Когда Ворошилин, проведя неспокойную, в странных тревожных снах, ночь, вышел из квартиры, на ближайшей колокольне било десять. Утро стояло погожее, звонкое. У заборов в синем хрустале сумрака падали кленовые листья цвета сусального золота. Курился вспотевший с подсолнечной стороны булыжник.
Неподалеку от угла безгласно и хмуро стояли люди. Над ними, на белом афишном листе, пламенело воззвание. Приостанавливаясь, Ворошилин охватил глазами первые строки:
«Товарищи, граждане! Враги революции сеют в городе дикие, ложные слухи. Опираясь на темные слои населения, они пытаются вызвать поход против Пролетарской Власти».
Тревога сквозняком подула в сердце Ворошилина. Он тронул длинными вздрагивающими пальцами шелковое кашне, кашлянул и заспешил.
Пролетел, крякая уткою, автомобиль. Бежали куда-то мастеровые, мальчишки, парии в серых шинелях. У магазина, с пестрою вывескою по всему фасаду, топотали на холодном асфальте приказчики, и видно было, как неохотно принимаются они за свое будничное дело.
Несколько раз, отвечая на приветствия, Ворошилин снимал свою фетровую шляпу; машинально сделал это, проходя мимо низко кланяющегося нищего, потом улыбался бледно и мутно. Мысли его паутинились, глаза рассеянно плавали по сторонам и вдруг дрогнули, обожженные чужим, чуть-чуть насмешливым взором.
— Пронин!.. — обронил он. — Доброе утро…
Усатый и хмурый человек с силой пожал ему руку.
— Просветителю пролетарскому…
В голосе Пронина звучал скрипучий смешок.
— Что слышно? — спросил Ворошилин мягко и заискивающе, как всегда в беседах с людьми, выдвинутыми революцией. Было это от особого преклонения перед сильными, самобытными натурами.
— Что же — ничего особенного, — небрежно сказал Пронин и покосился на прохожего.
— Так, так, — проронил Ворошилин, уже пугаясь, что задал неуместный здесь, на улице, вопрос.
Но, подумав, Пронин заговорил сам.
— Пойдем-ка сюда… Так… Неважные дела, товарищ… Белые играют в открытую… На мобилизованных — никакой надежды… Необходима помощь со стороны. Иначе…
Он оглянулся, махнул рукой.
— Вы, Ворошилин, семейный?
— Нет, а что?..
— Так… Пушку имеете?.. Я могу снабдить вас отличным, бельгийским… Заходите…
В солнечной дымке уличной дали, как в клубах ладана, белели колонны собора, высился к небу острый сверкающий шпиль. Над кровлею водопроводной башни, сырой и серой, похожей на крепостную, стригли воздух синицы.

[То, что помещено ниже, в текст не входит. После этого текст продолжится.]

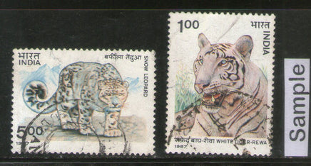 India 1987 White Tiger & Snow Leopard Wildlife Animal 2v Phila-1110a Used Set
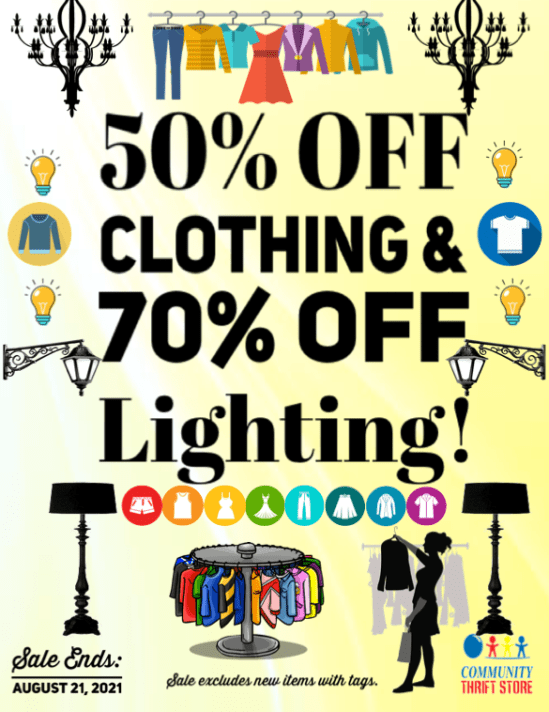 Our summer sales continue to sizzle!! Hurry in for 50% OFF Clothing and 70% OFF Lighting! Sale ends August 21, 2021 and excludes new items with tags.
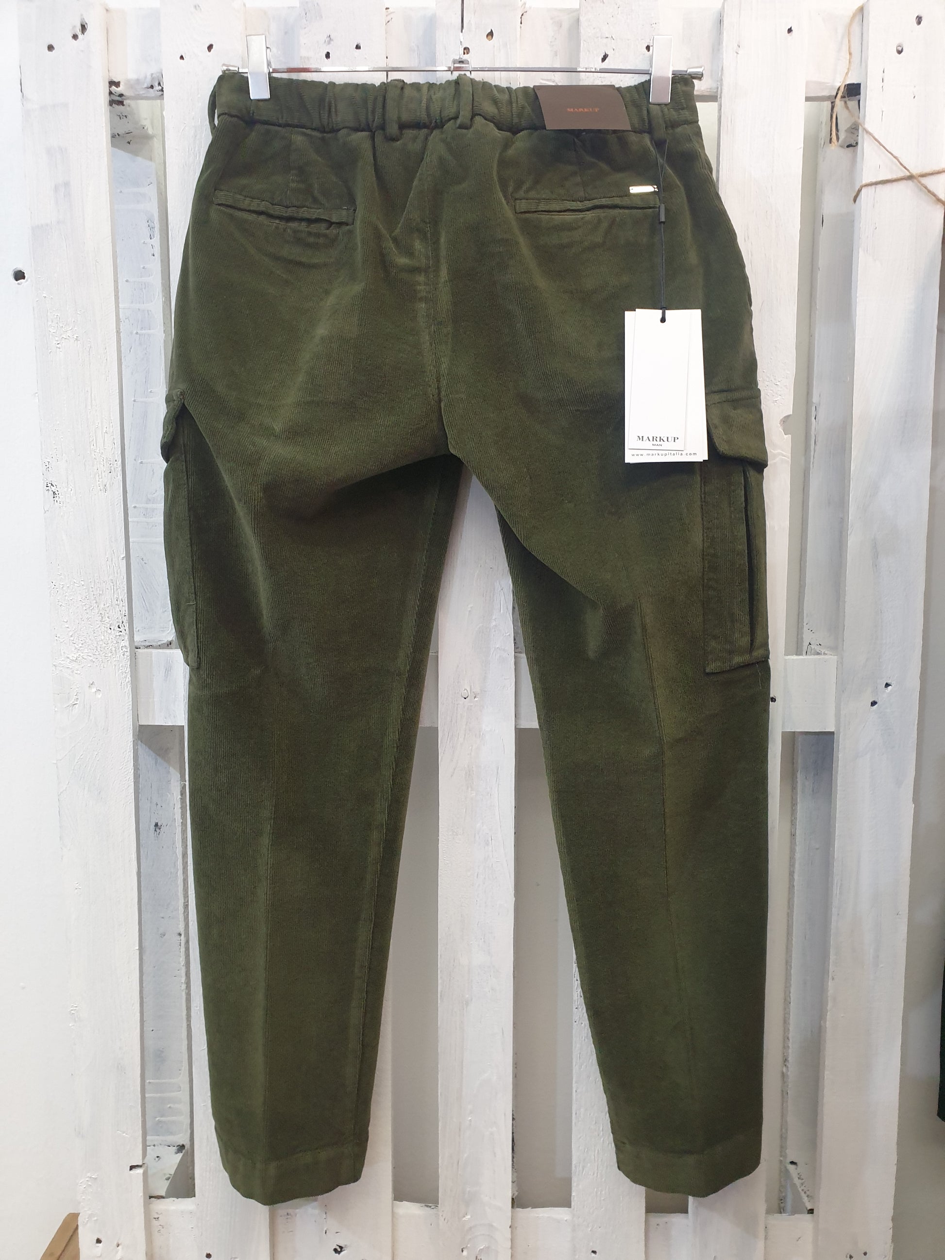 Pantalaccio in velluto millerighe elasticizzato modello cargo con tasca laterale coulisse in vita ed elastico dietro nel cinturino colore verde militare
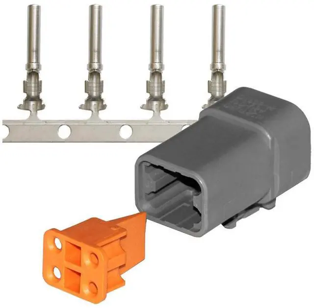 DTP Deutsch Plug Repair Kit - 14-12 AWG (4 Position) id="isPasted">DTP Series Deutsch Connectors are the solution for power application requirements. The DTP line was developed to handle the need for higher amperage, multi-pin economical connectors. Each circuit is capable of continuous 25 amp service. Deutsch solid contacts (14-12 AWG) are included in the packs. Contact a Pacer expert with any questions that you may have.

Заложив руки за спину, уже вдали шоркал рыжими сапогами Пронин, а Ворошилин продолжал стоять, рассматривая улицу, как будто впервые видел ее. Он думал, что тот вон собор, и эта башня, и жадные синицы над нею, и весь город, с его шумом пролеток, звоном трамвая и базарными бабами на углах, — все это вечно и будет жить изо дня в день, из года в год, а его, Ворошилина, может быть, не будет уже завтра.

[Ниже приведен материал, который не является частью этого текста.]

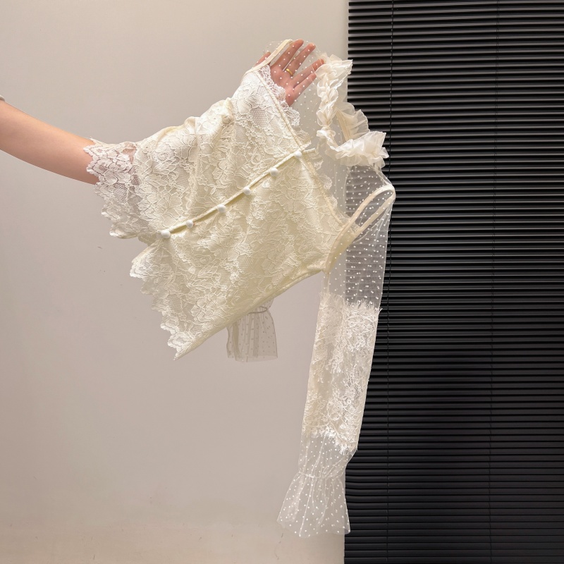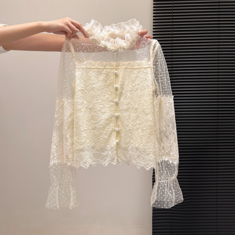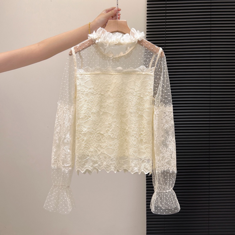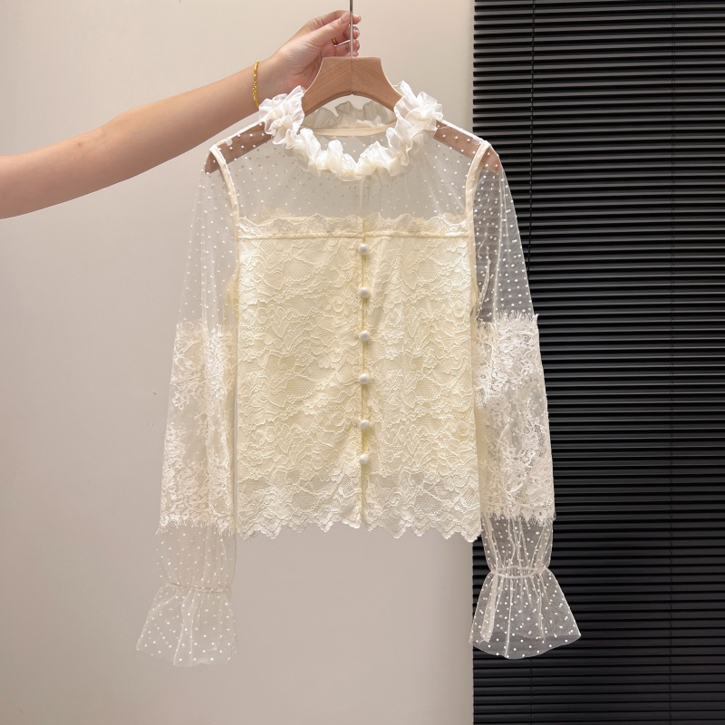 FA55153# 法式纯欲辣妹春款蕾丝打底衬衫女设计感网纱拼接修身长袖上衣 服裝批發女裝批發服飾貨源
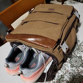 zaino da viaggio da 40 litri con scomparto per scarpe, porta di ricarica USB e tasche multiple. Si può portare sia come borsone con la tracolla che come zaino a spalla.
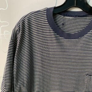 AS-IS THIN STRIPED DISTRESSED PAPER THIN CREW NECK POCKET RINGER TEE SINGLE STITCHED T-SHIRT
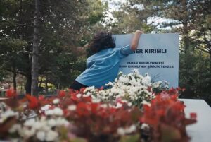 Яман коленичи, погалва камъка с трепереща ръка, сякаш иска да докосне нея. Вади старите, увехнали цветя, смачкани от времето и сълзите му, и ги заменя с новите – свежи, бели, невинни, като самата нея.
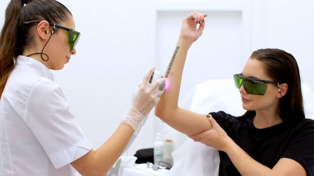 ✓ Лазер разрушает пигмент татуировок, осветляя пятна и вымывая краску из кожи.
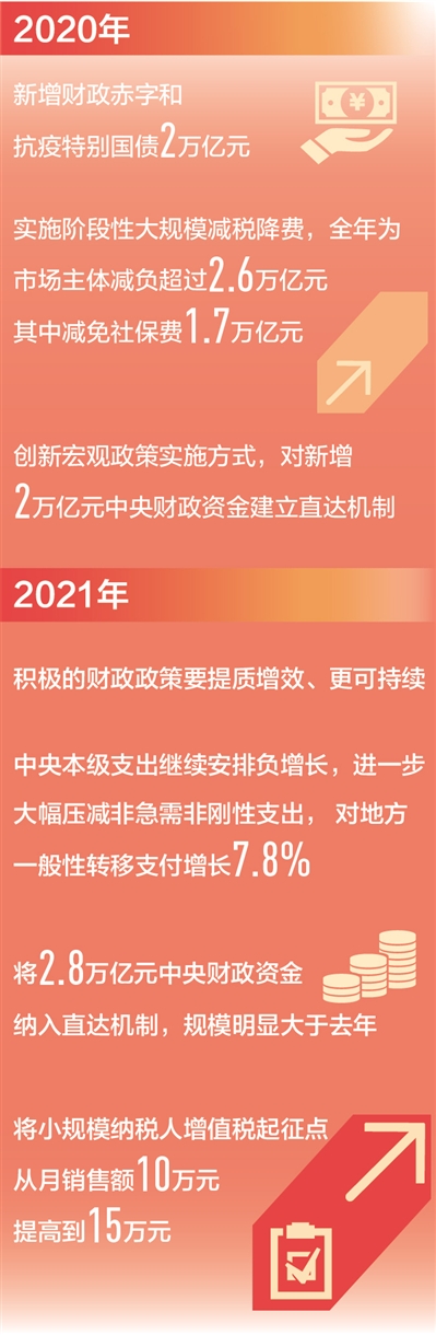 2020年,面对严峻复杂的国内外形势,特别是新冠肺炎疫情的严重冲击,财政政策精准发力:把赤字率提高到3.6%以上,发行1万亿元抗疫特别国债,安排地方新增专项债券3.75万亿元……“一系列有力举措,有效对冲疫情造成的财政减收增支影响,为稳住经济基本盘、兜牢民生底线提供重要财力支撑。”中国税务学会副会长张连起委员表示。
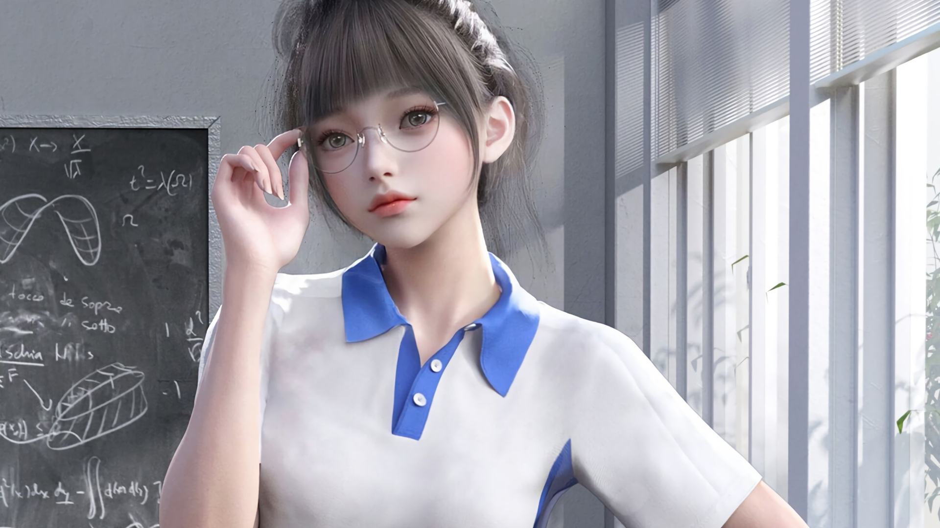 yoly莜莉 3D 运动 女孩 眼镜 白色衣服 动漫 电脑 壁纸
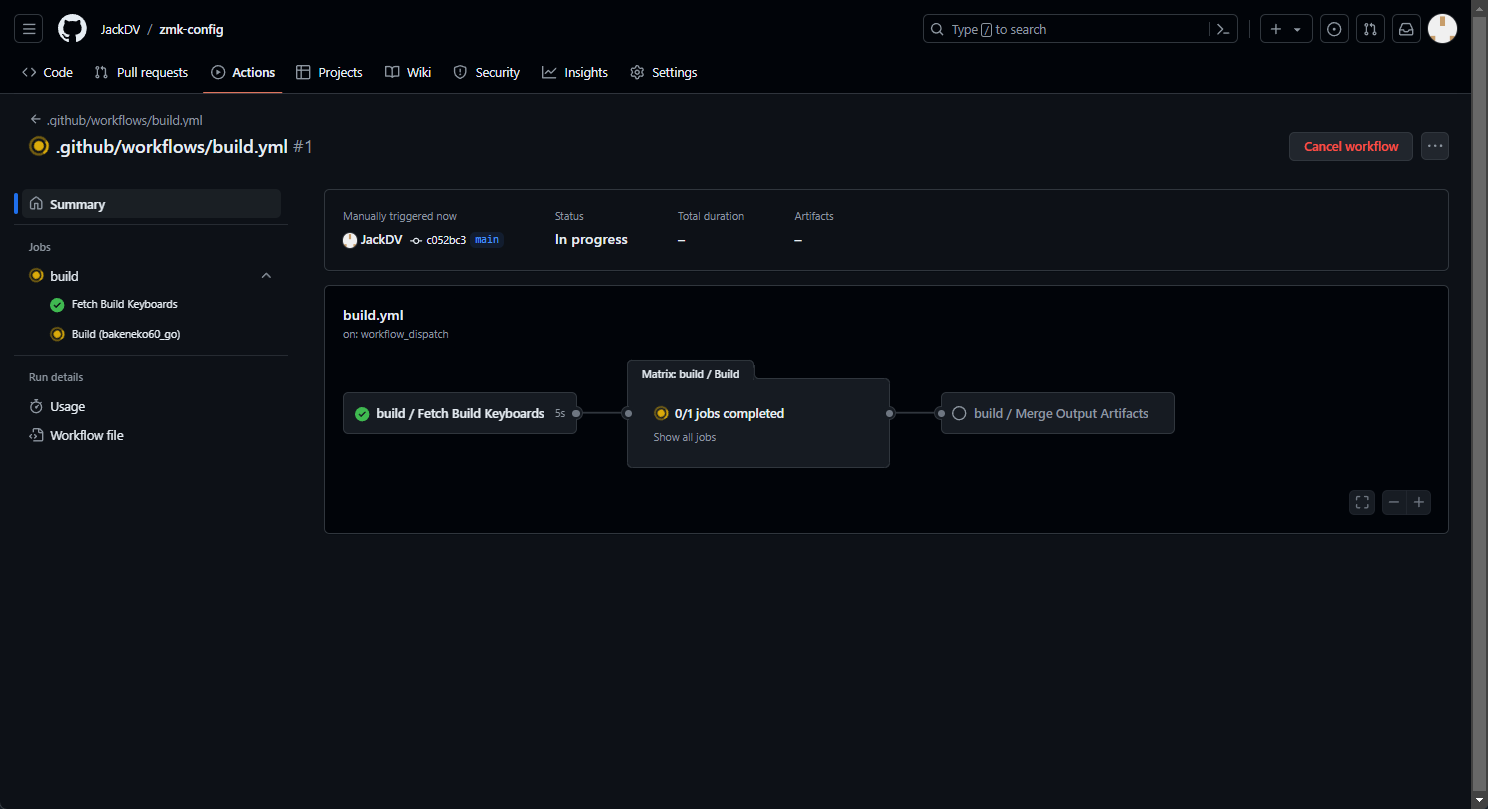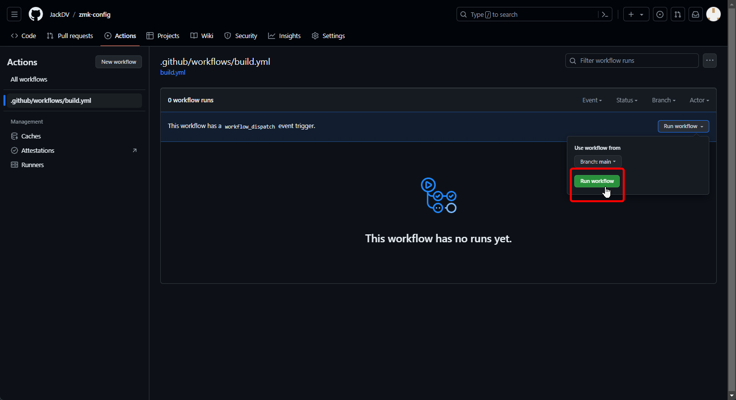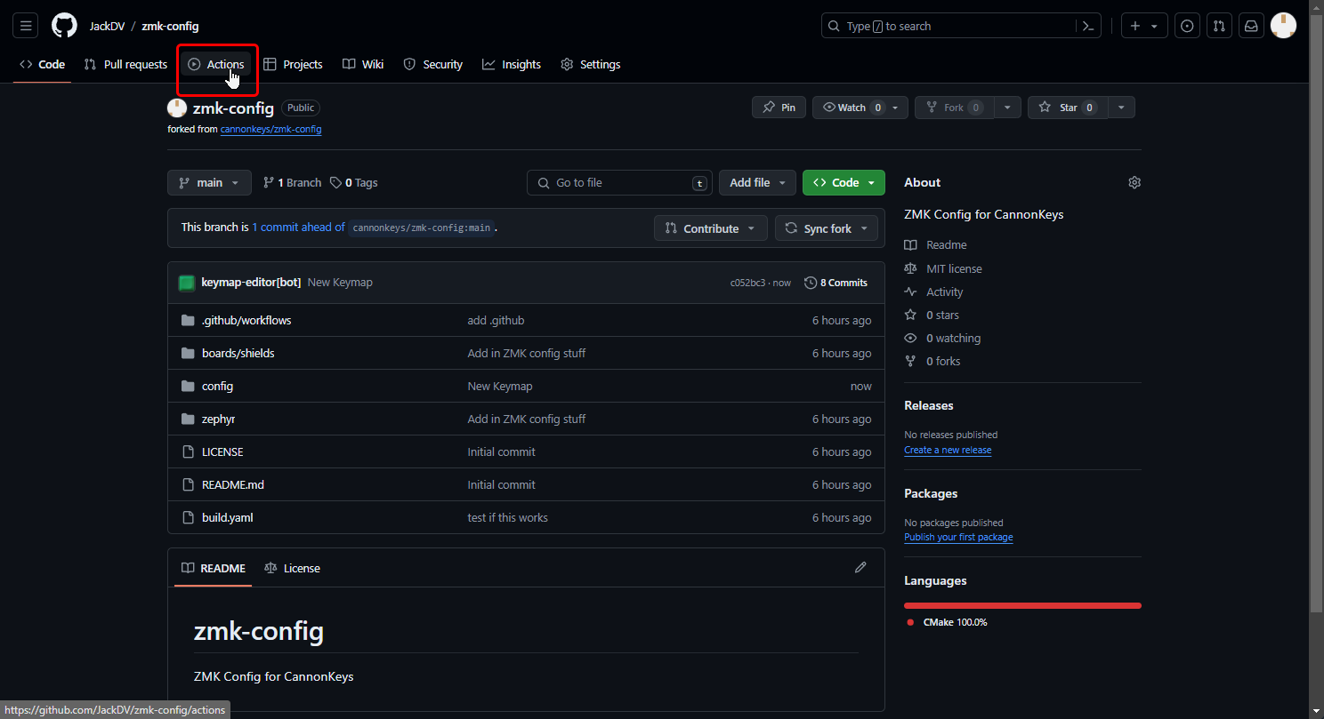 github.com/yourusername/zmk-config. You can tell your changes were applied if you see a recent change in your repo. Click on the actions button.

Чувство, похожее на зависть к бесстрастным вещам, окружающим непрочного на земле человека, овладело им.
Встряхиваясь и приосаниваясь, он крепко прижал под мышкой портфель и зашагал дальше, длинный, сутулый, косоплечий.
Старый Лукич, уцелевший от свергнутого директора народных училищ, с привычным подобострастием раскрыл перед ним тяжелую парадную дверь: «Пожалуйте». И в сотый раз у Ворошилина мелькнула мысль, что этот старик у двери — стыд.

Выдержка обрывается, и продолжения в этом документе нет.